DATA TO USE
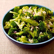 Add broccoli, lemon peel, thyme, salt and pepper; toss over low heat until broccoli is coated and hot, about 2 to 3 minutes. Transfer to serving bowl. Yields about 1 1/4 cups per serving.
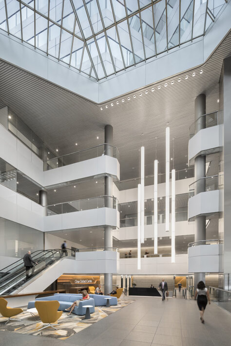 The redesign is focused on the plaza, lobby, and underperforming retail spaces located on the lowest podium levels of the building. To appeal to prospective tenants, the design team created a new co-working “urban room”— a grand, active space that serves both the building tenancy and the immediate neighborhood as a central meeting and gathering hub.
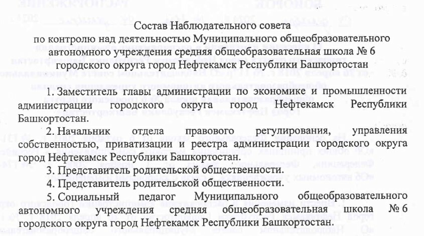 Муниципальное общеобразовательное автономное учреждение средняя общеобразовательная школа №6 городского округа город Нефтекамск Республики Башкортостан
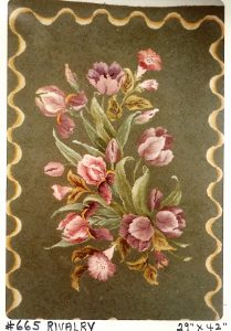 Rivalry by Pearl McGown OSV 665 29″ x 42″. It is a beautiful floral that embellishments are fun to add, such as Arctic Rays or Metallic Yarn for a 3D effect. Try our dip spots hand dyed wool for shading effects. We have a large variety of hand dyed wools for your rug such as Copley Square, Jacob’s Wild Grape, Jacob’s Teal Green, Raspberry Burst and more!
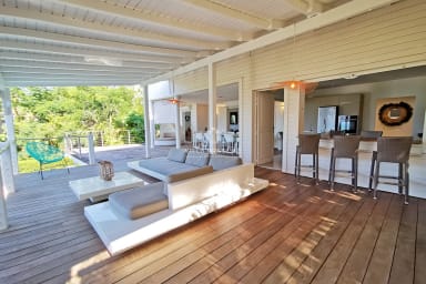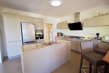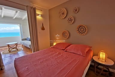 The four air-conditioned bedrooms are spread over two levels and all face the ocean. Three are located upstairs, and the fourth on the pool level. They offer generous space and privacy. Two bedrooms have their own ensuite bathroom, while the remaining two share a bathroom.
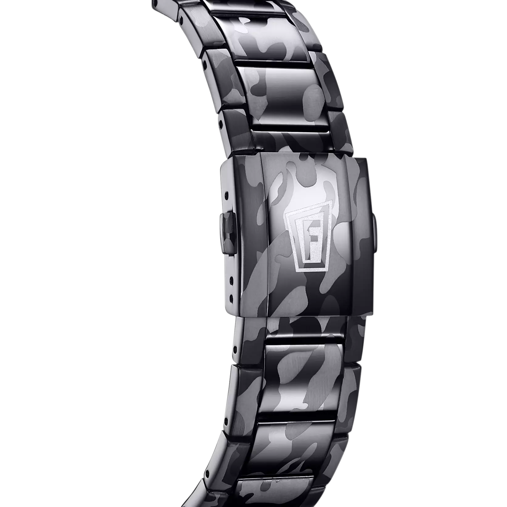 • Robustes Gehäuse und Armband in einzigartiger grau-schwarzer Camouflage-Optik
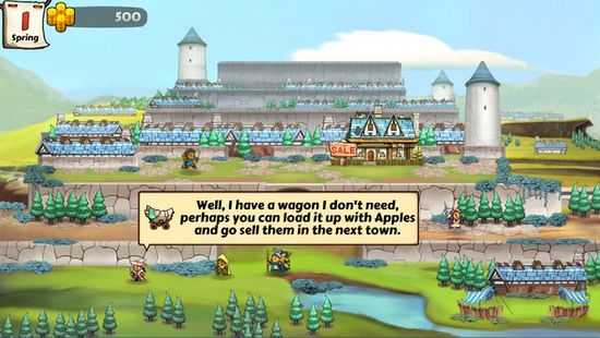 既然已经有了赚钱的工具,那么游戏的主要玩法就非常容易理解了,就是想尽一切办法赚够房款,游戏中,玩家需要从一座城堡中购买商品,在卖到另一个城堡,赚取中间的差价,而哪里的商品出售价格更高,人民更需要,玩家也可以通过城堡中路人的描述和点击城镇信息得到,所以,玩家只要经常点击获得这些信息,就可以做到消息灵通了,当然,在经商的过程中不可能一帆风顺,沿途玩家所搭乘的货车会遭到各种怪物的袭击,这就要求玩家必须用武器和魔法武装起来,抵御侵袭(看来镖师这种生意在欧洲是真的做不下去了)。当然,为了丰富游戏的玩法,开发商还在游戏中设置了如银行、城镇委托、商人协会等组织,这些都对玩家的经商起到了一定作用。此外,升级、随从等RPG元素的加入,也为游戏加分不少。
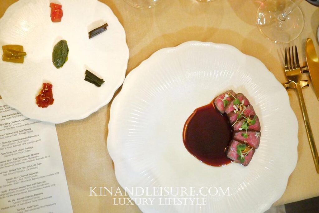 Theme ของคอร์สเมนูของ Edward Kwon จะเป็น modern Korean ซึ่งจะจัดเป็น 12 course ร่วมกับ wine pairing จากแบรนด์ Penfolds ซึ่ง Sommelier แนะนำว่าเป็น wine ที่จะไม่กลบรสชาติอาหารเกาหลี
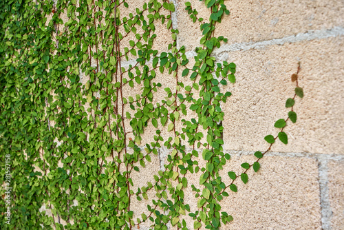 Green leaves growing on a brick wall
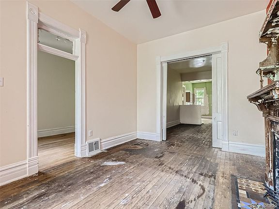 This 1881 Curtis Park Victorian home needs work to shine again. Currently configured at 2 bedrooms/1 bath. The 10 foot ceilings make it seem bigger than it is. The home has a lot of the original historic charm including Victorian style door and window millwork. A wood burning fireplace has the original mantle that could be dramatically restored. Some updating has been done. All appliances included. Newer windows throughout except two front windows. Newer heating system. Some of the electrical and plumbing has been updated. The bathroom has been updated. The backyard is open and per the property's U-RH-2.5 zoning, an Accessory Dwelling Unit is allowed. Close to the 30th & Downing Light Rail Station and all the cool restaurants, nearby shops and bars of Upper Larimer at Five Points and RiNo. A quick bike ride to Coors Field and LoDo. Opportunity is knocking so open this door!
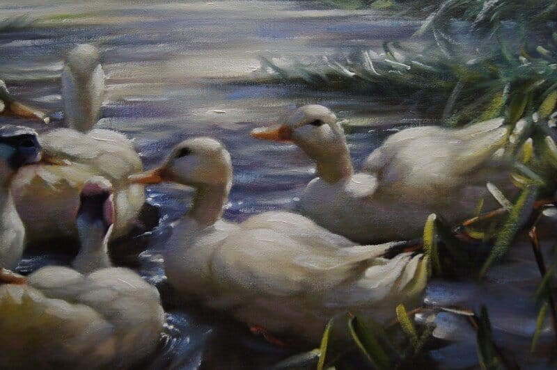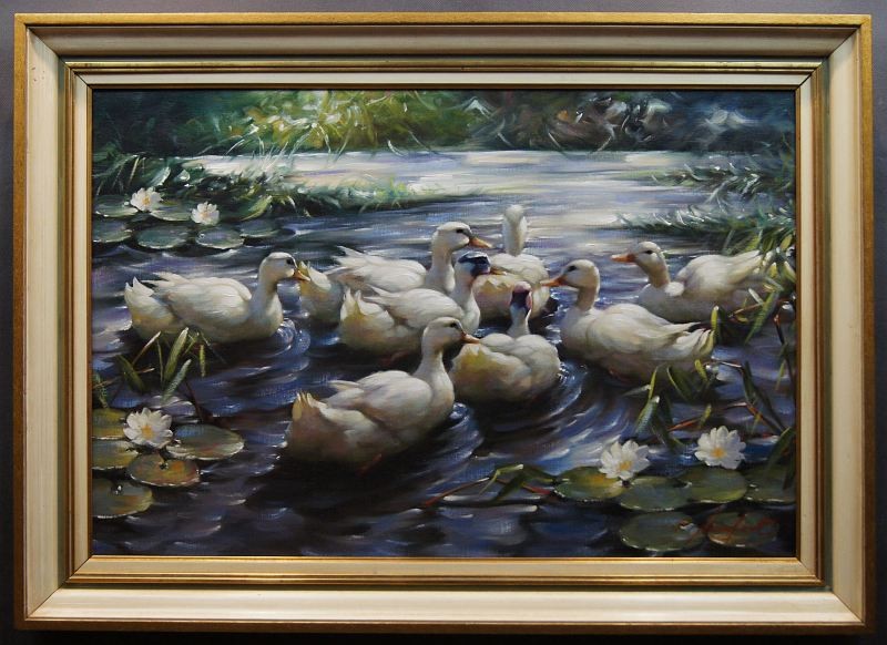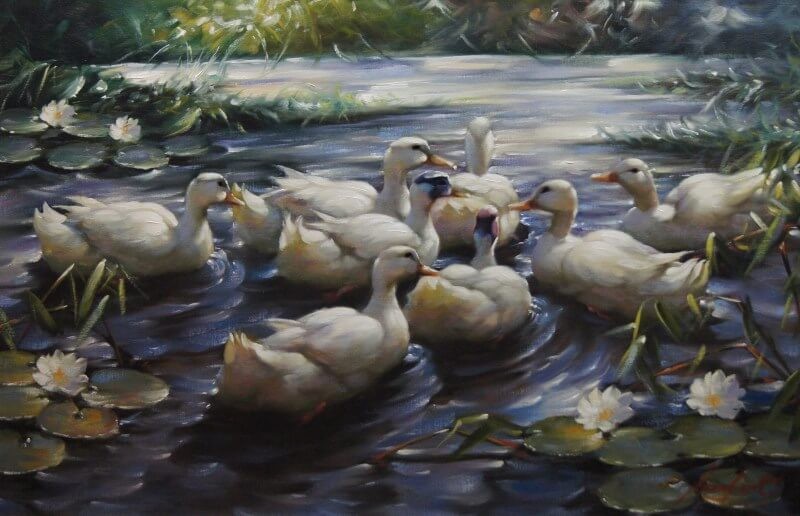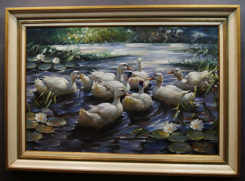 Kaczki barwny obraz olejny
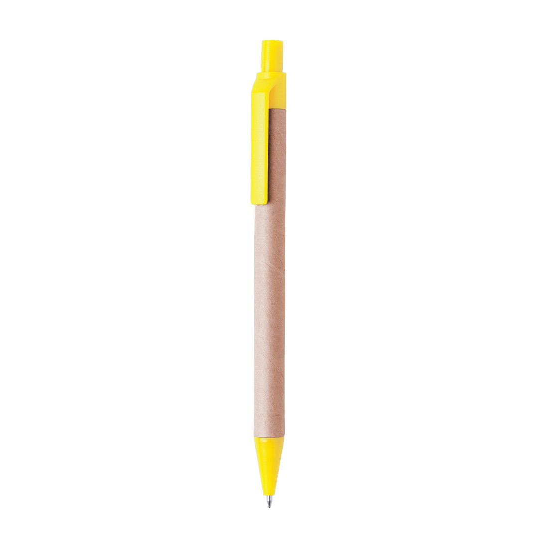 Bolígrafo de mecanismo pulsador en original combinación de cuerpo en cartón reciclado de color natural y accesorios en vivos colores. Tinta azul.
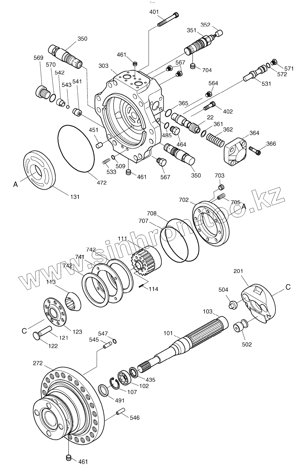 Каталог запасных частей к технике: Doosan S340LC-V. TRAVEL MOTOR

WHAT THE TASK ASKS
Although the records above contain pictures, the copy should not; retype exactly the lines from the one containing "Theme ของคอร์สเมนูของ Edward" through the one containing "Green leaves growing on a brick wall".

SOLUTION
 Theme ของคอร์สเมนูของ Edward Kwon จะเป็น modern Korean ซึ่งจะจัดเป็น 12 course ร่วมกับ wine pairing จากแบรนด์ Penfolds ซึ่ง Sommelier แนะนำว่าเป็น wine ที่จะไม่กลบรสชาติอาหารเกาหลี
 Green leaves growing on a brick wall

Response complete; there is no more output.